I wouldnt risk even that if I were you. Give her until she's about 38 months old and re-evaluate her then to see if she's caught up wth herself by then. At this point she's so butt high that theres no way she can be balanced enough to carry a rider properly and the only thing you'll be doing is teaching her to dump all of her weight onto her front and drag you along for the ride. 

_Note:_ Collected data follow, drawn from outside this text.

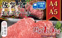 【3か月定期便】【A4~A5】佐賀牛モモステーキ 約1.5kg(100g×15P)×3回【肉 牛肉 ブランド牛 黒毛和牛 ステーキ肉 ふるさと納税】(H112250)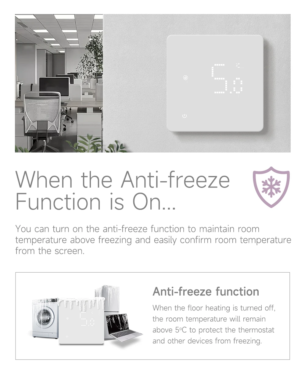 Tuya Smart and Smart Life App control, allowing you to control your thermostat no matter where you are.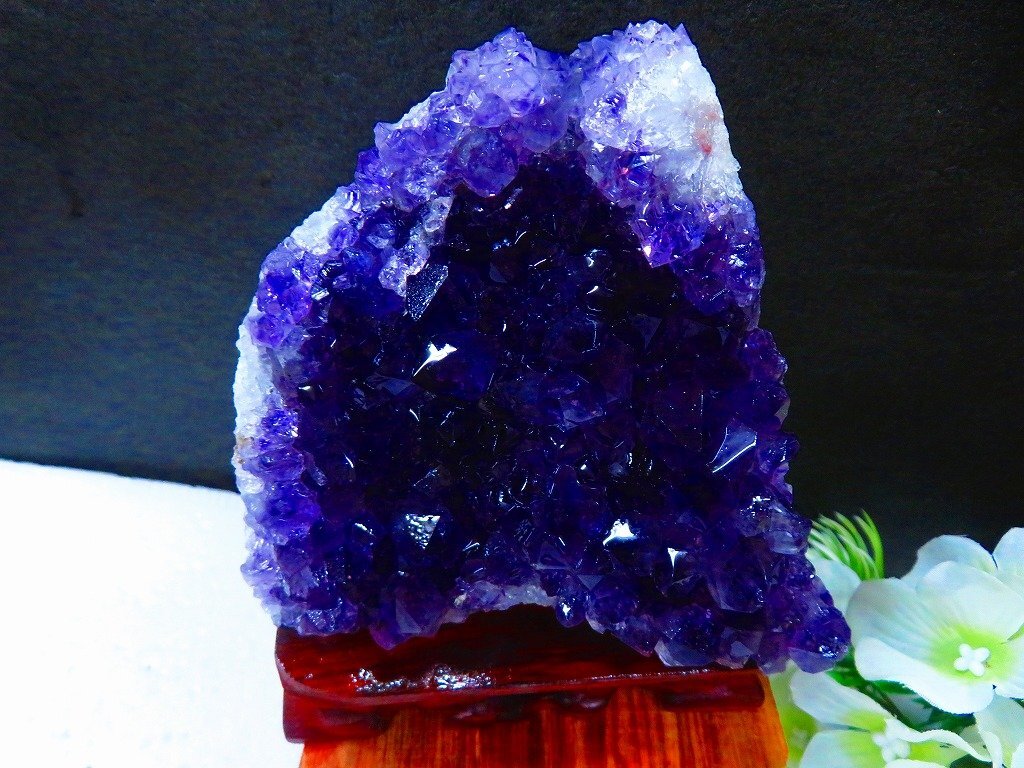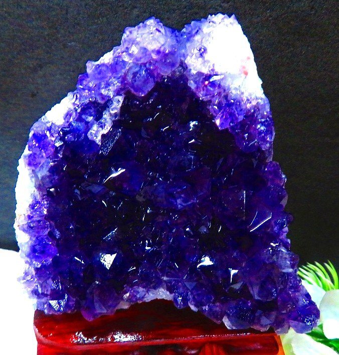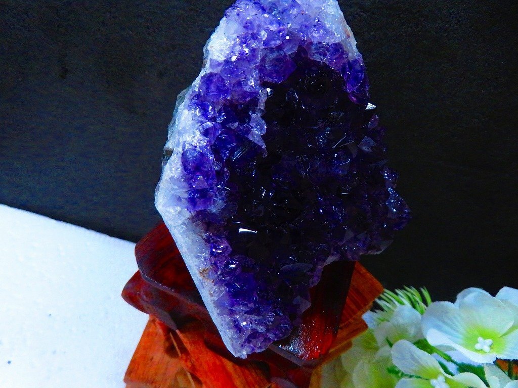 | ★(台座合わせて)商品重量:約1.11kg ★(台座合わせて)商品サイズ約:170mm*130mm*100mm アメジストは紫色をしたきれいな水晶です。そして紫のパワーストーンはたくさんありますが、その中で最も透明度が高いとされているのがアメジストです。 アメジストは調和と調整をもたらす愛の守護石で、心に平和をもたらし、感情を鎮める力があるため、心の安定をはかる効果があると言われています。アメジストの紫色は「情熱の赤」と「冷静な青」が混ざった色なので、冷静であり積極性を兼ね備えた色とされています。 恋愛中にはただ情熱的に突っ走るだけではなく、冷静に物事を判断できるので、正しく落ち着いた判断ができるとされます。また、恋愛成就の効果もあり、真実の愛を守る石としても知られています。厄除けや恋愛だけではなく、前向きに生きていたい人に人気のある石です。 アメジストの象徴である紫色は日本だけでなく、世界各国で身分が高い人が身につける色としても知られています。宗教的な儀式に使われるなど、高貴な色であった紫色は神秘的でスピリチュアルな色であるとされています。 そして、アメジストを持っていると隠れた才能を開花させることができるとのことで、クリエイティブな仕事をしている人に好まれています。 アメジストの語源はギリシャ語の「酒に酔わない」という意味を持つ言葉です。そのため、悪酔いしないような効果がある魔除けのお守りとして考えられてきました。 古くはキリスト教で司教の指にアメジストの指輪がはめられたり、ユダヤ教でもアメジストを胸に飾るなどしていました。日本でも聖徳太子が紫色を冠位十二階の最高位の色にするなど、歴史の中で高い価値を示していたのが紫色のアメジストでした。 現在でも、玄関にアメジストを置くと魔除けになると信じられ、泥棒が入らないとも言われています。このようにアメジストは、パワーストーンとして魔除けや恋愛成就、心の安定をもたらしてくれる石として人気がある石なのです。 アメジストの特徴 | |||

Some horses are ready to ride lightly as long two year olds, many are not. I'd say that she's one that isn't. If you do have someone riding her though, make sure that its only at a walk. Anything more than that and you're likely to have a horse with a bowed tendon or torn ligament before she turns four. If she were mind I probably wouldnt even start her until she was atleast three and a half because she appears to be one of the 'late bloomers' and also sems to have the prospect of being a very nice horse...if given time.


----------



## dakotanight (Jul 21, 2011)

we have only been walking her, i have a trainer who has been helping me with her. we are mainly doing ground work and getting her to show more respect and have more ground manners, we only get on her twice a week for maybe 30 minutes at a time.


----------



## FeatheredFeet (Jan 27, 2010)

If she hasn't yet got all her ground manners and respect down pat yet, then she shouldn't be ridden. Who is this supposed 'trainer'?? Most knowledgeable horse trainers would not be allowing anyone to ride this very underdeveloped horse, to be ridden yet.

Lizzie


----------



## Roberto (Dec 17, 2009)

I'll have to agree with the others about riding her already, as well as why is she already in a shank bit?


----------



## MyBrandy (Jan 19, 2011)

I think it's perfectly fine to start a 2 year old QH under saddle, 2 x per week at slow work if completely fine by me.. as long as they aren't asked to gallop or go in tight circles so strain would not be put on their knees then it's fine. 2 x 30 minutes, in fact I would probably do 3 x week about 15- 20 minutes just to keep things consistent, keep it short and sweet, lots of praise, work on the basics, go, stop, lots of flexing, cueing from your seat etc.
Continue ground work, mounting, unmounting many times on BOTH sides, ground tying, sacking her out, loading in the trailer etc...


----------



## MyBrandy (Jan 19, 2011)

I would keep her in a snaffle (no curb bit) until later in her training.. some horses don't need a curb bit.. depends on your riding style, if you plan to ride her western then yes, but not till later in her training.. I actually teach my horses basic concept of neck-reining in a snaffle bit..


----------



## dakotanight (Jul 21, 2011)

the only things we do are walk, work on flexing, lunge line, standing still while mounting UN-mounting and while we mess with her feet. we work with her also on loading and unloading in our trailer, also teaching her leg ques and all of her basics until she completely has all of this down. we aren't going to do anything more than this until after she is about 3 1/2 to four years old and then we aren't even going to start training her for any discipline until she is 5.


----------



## caseymyhorserocks (Apr 5, 2010)

dakotanight said:


> the only things we do are walk, work on flexing, lunge line, standing still while mounting UN-mounting and while we mess with her feet. we work with her also on loading and unloading in our trailer, also teaching her leg ques and all of her basics until she completely has all of this down. we aren't going to do anything more than this until after she is about 3 1/2 to four years old and then we aren't even going to start training her for any discipline until she is 5.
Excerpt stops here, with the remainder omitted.